=== Records provided ===

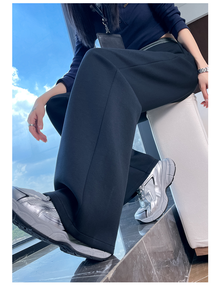실사 2025 새로운 검정색 좁은 에디션 스트레이트 팬츠 여성 봄 가을 도루 센스 경력 하이웨이스트 슬림해 보이는 캐주얼 정장 바지
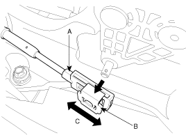 Adjust the slide clip (B) to fit it into the select lever pin (A) and install the snap pin (C).
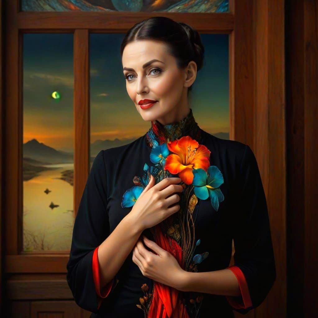 beautiful photorealistic lady in surreal fantastic landscape by Stefan Gesell, Angelina Wrona, Andy Kehoe, Salvador Dali, Max Ernst, René Magritte, Johfra Bosschart; glossy, clear, crisp, smooth, vibrant, colorful, high contrast, vivid colors, contrasting colors, triadic colors, vibrant colors, volumetric ...
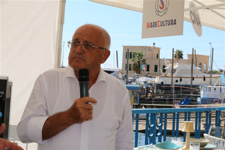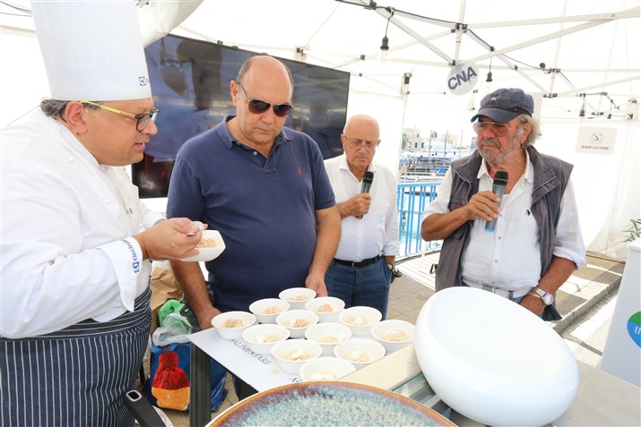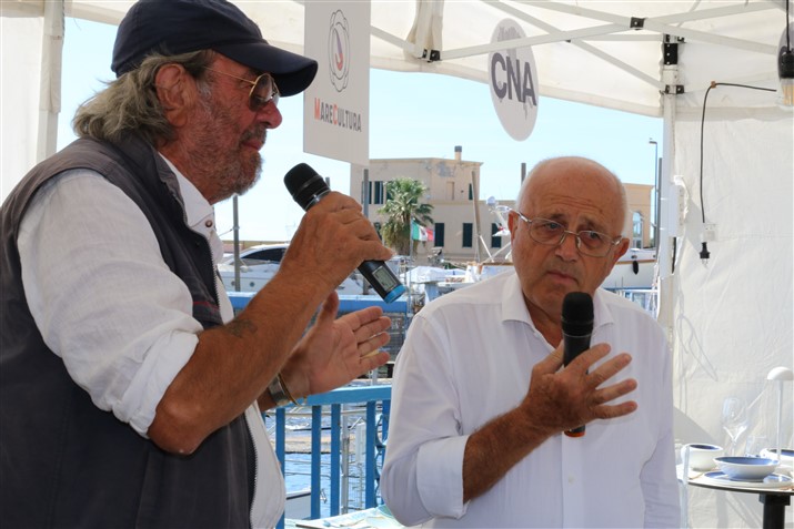 Applausi per l'intervento di Russello Vincenzo, console del mare 2022 e sua figlia Giulia, per Roberto Pisani con lo chef Roberto Verta e lo scrittore Ugo Carelli.
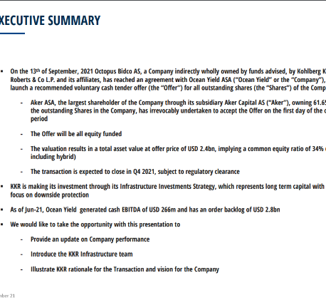 Ocean Yield was bought out by leading American private equity firm Kohlberg Kravis Roberts (KKR) for $2.4 billion in September 2021. FMG was tasked with providing the update on the company’s financial performance, introduce the KKR Infrastructure team, and illustrate KKR’s rationale for the transaction and vision for the company.
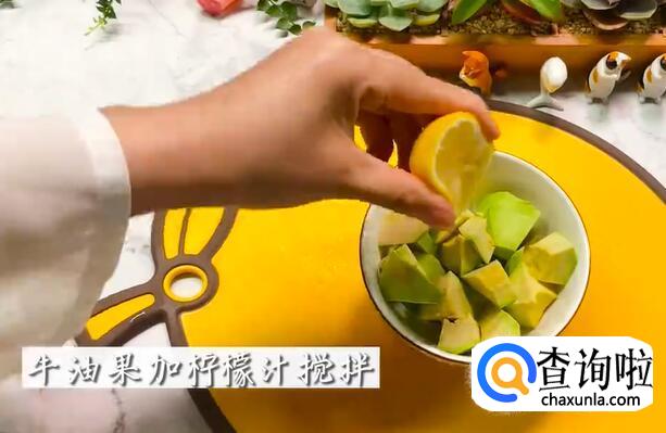 牛油果中加入柠檬汁,搅拌。
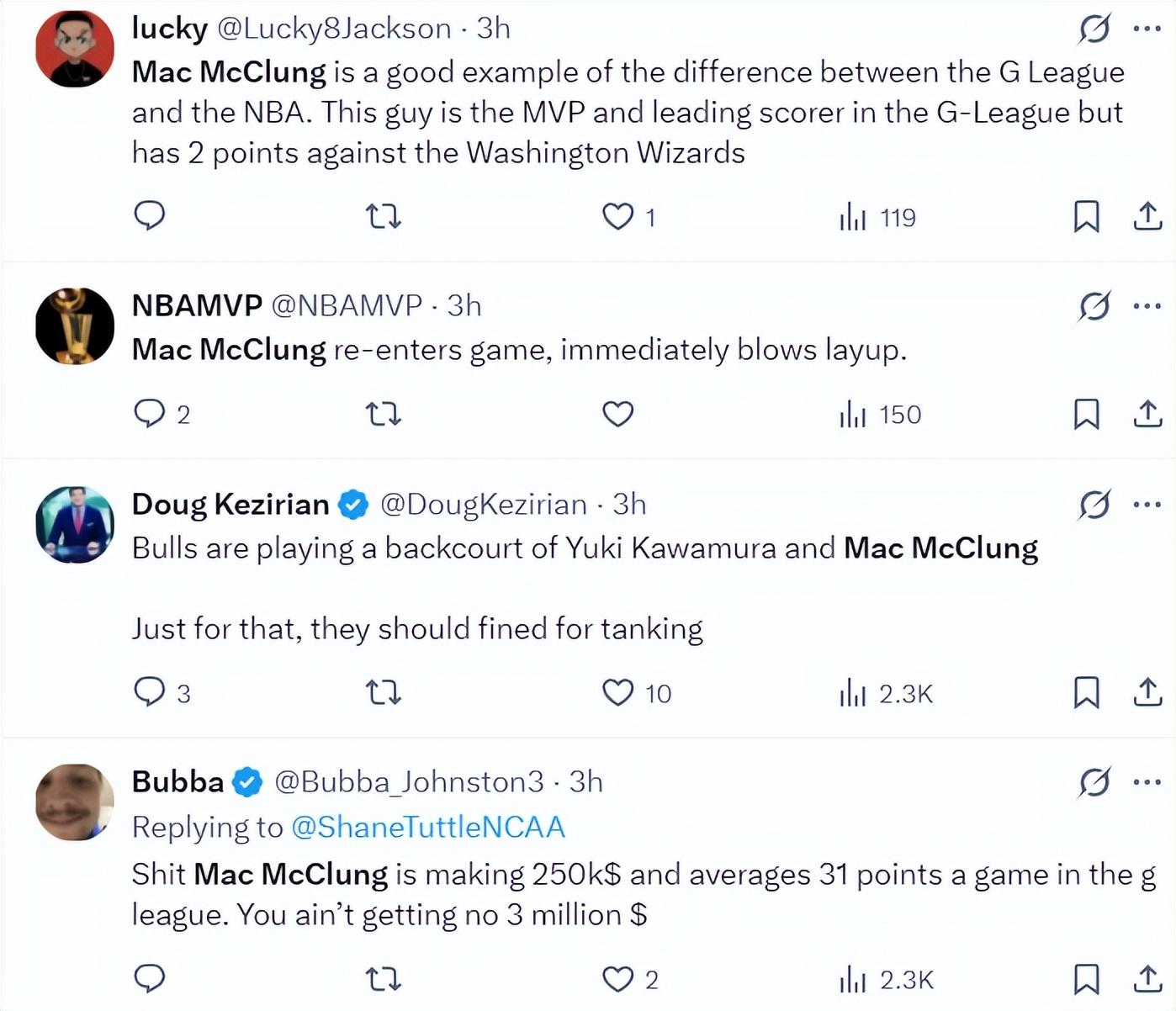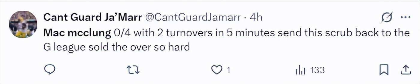 1.麥克朗登場5分鐘2失誤,還是把他送回G聯賽吧,讓他留在這裏打球太虧了。

===

Images are to be omitted; repeat the remaining data above exactly.

실사 2025 새로운 검정색 좁은 에디션 스트레이트 팬츠 여성 봄 가을 도루 센스 경력 하이웨이스트 슬림해 보이는 캐주얼 정장 바지
 Adjust the slide clip (B) to fit it into the select lever pin (A) and install the snap pin (C).
 beautiful photorealistic lady in surreal fantastic landscape by Stefan Gesell, Angelina Wrona, Andy Kehoe, Salvador Dali, Max Ernst, René Magritte, Johfra Bosschart; glossy, clear, crisp, smooth, vibrant, colorful, high contrast, vivid colors, contrasting colors, triadic colors, vibrant colors, volumetric ...
 Applausi per l'intervento di Russello Vincenzo, console del mare 2022 e sua figlia Giulia, per Roberto Pisani con lo chef Roberto Verta e lo scrittore Ugo Carelli.
 Ocean Yield was bought out by leading American private equity firm Kohlberg Kravis Roberts (KKR) for $2.4 billion in September 2021. FMG was tasked with providing the update on the company’s financial performance, introduce the KKR Infrastructure team, and illustrate KKR’s rationale for the transaction and vision for the company.
 牛油果中加入柠檬汁,搅拌。
 1.麥克朗登場5分鐘2失誤,還是把他送回G聯賽吧,讓他留在這裏打球太虧了。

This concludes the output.